Let’s try modelling this mechanic with AnyDice.

To start off, let me note that the CoC 7e bonus / penalty dice mechanic is a bit awkward to model directly in AnyDice, because the choice of “best” / “worst” tens die depends on the value of the ones die: if you roll a 0 on the ones die, the best possible roll on the tens die is 10, whereas otherwise it’s 00.

However, it turns out that there is a mathematically equivalent variant mechanic that is much easier to work with in AnyDice: instead of numbering the ones die from 0 to 9 and treating 0 + 00 = 100 as a special case, just number the ones die from 1 to 10 and add it directly to the lowest / highest tens die.

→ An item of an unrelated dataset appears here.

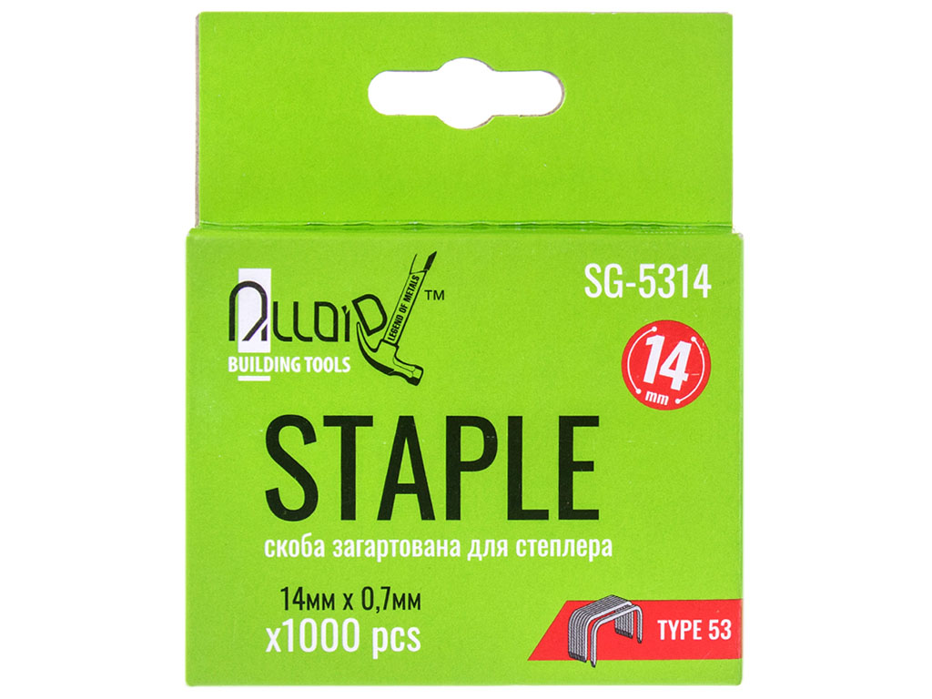Скобы закаленные Alloid для степлера, тип 53, 14×0,7мм, 1000шт
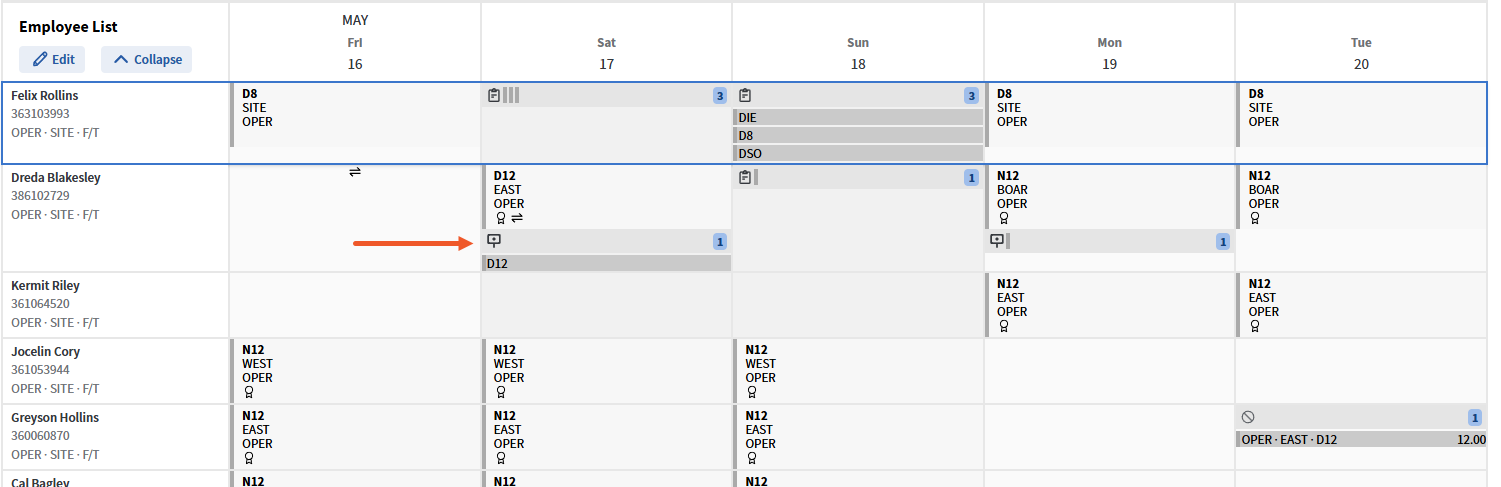 Once enabled, you will see the various icons populate within the employee's schedule if utilized. To see more details, click on the icon to expand the results.

^{(Formal proof of equivalence left as an exercise. As a quick proof sketch, note that there are two cases depending on what you roll on the ones die: if you roll anything but 0/10, the result will be the same using either mechanic anyway; if you do roll a 0/10 on the ones die, you can relabel the sides of the tens dice before rolling them — basically mapping 00 to 90 and subtracting 10 from all other sides — so that the result using the variant mechanic with the relabeled dice will be the same as using the official mechanic with the unrelabeled dice. Since all sides of the dice are supposed to be equally likely and interchangeable, this relabeling will not change the probabilities of the outcomes.)}

Using this simplified but equivalent version of the dice rolling mechanic, we can model a CoC 7e roll with *N* penalty dice in AnyDice simply with:

```
TENS: 10 * d{0..9}
output d10 + (highest 1 of (N+1)dTENS)
```

(Conversely, replacing `highest`

with `lowest`

gives a roll with *N* bonus dice instead.)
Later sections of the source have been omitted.